> [What needs to be done] Exact copy, no pictures: return only the lines below from the line with "- Stilwelten: Fototapete" up to and including the line with "新乡医学院三全学院459排名".

> [Source material]
- Opening Delimiter -

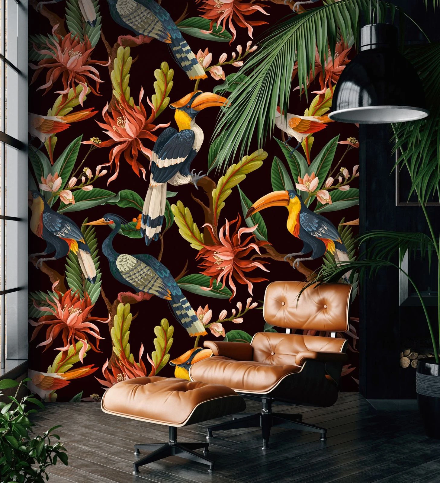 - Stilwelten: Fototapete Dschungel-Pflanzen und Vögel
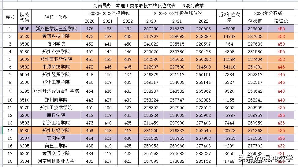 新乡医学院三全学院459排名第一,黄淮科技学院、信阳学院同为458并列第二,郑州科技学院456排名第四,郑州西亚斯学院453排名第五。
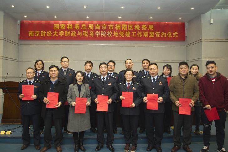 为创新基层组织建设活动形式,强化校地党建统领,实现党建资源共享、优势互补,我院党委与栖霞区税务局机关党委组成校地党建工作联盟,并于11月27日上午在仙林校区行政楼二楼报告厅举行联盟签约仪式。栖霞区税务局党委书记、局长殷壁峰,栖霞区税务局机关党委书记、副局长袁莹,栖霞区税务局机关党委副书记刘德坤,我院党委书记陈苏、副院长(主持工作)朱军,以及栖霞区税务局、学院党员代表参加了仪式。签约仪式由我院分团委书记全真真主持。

- Closing Delimiter -
- Opening Delimiter -

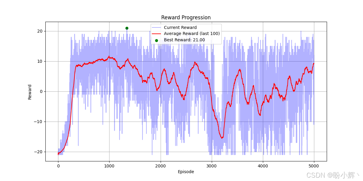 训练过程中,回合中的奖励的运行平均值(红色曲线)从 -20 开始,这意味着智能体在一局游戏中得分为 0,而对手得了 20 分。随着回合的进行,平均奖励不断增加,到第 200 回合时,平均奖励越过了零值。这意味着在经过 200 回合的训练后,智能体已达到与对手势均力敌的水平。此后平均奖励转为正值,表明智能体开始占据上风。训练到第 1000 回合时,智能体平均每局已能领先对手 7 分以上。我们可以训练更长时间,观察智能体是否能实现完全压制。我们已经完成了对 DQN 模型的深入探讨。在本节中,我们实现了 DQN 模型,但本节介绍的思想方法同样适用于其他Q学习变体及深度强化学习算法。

- Closing Delimiter -
- Opening Delimiter -

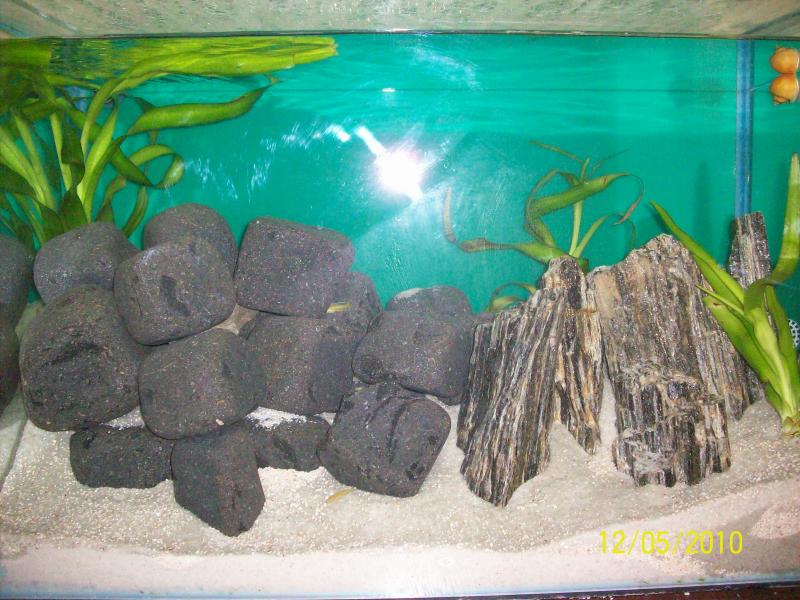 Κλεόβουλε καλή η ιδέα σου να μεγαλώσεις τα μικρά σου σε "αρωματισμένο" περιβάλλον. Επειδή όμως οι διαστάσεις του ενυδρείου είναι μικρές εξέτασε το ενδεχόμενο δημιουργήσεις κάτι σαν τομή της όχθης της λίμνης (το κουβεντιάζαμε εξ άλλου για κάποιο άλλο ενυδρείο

- Closing Delimiter -

> [Solution to this problem]
 - Stilwelten: Fototapete Dschungel-Pflanzen und Vögel
 新乡医学院三全学院459排名第一,黄淮科技学院、信阳学院同为458并列第二,郑州科技学院456排名第四,郑州西亚斯学院453排名第五。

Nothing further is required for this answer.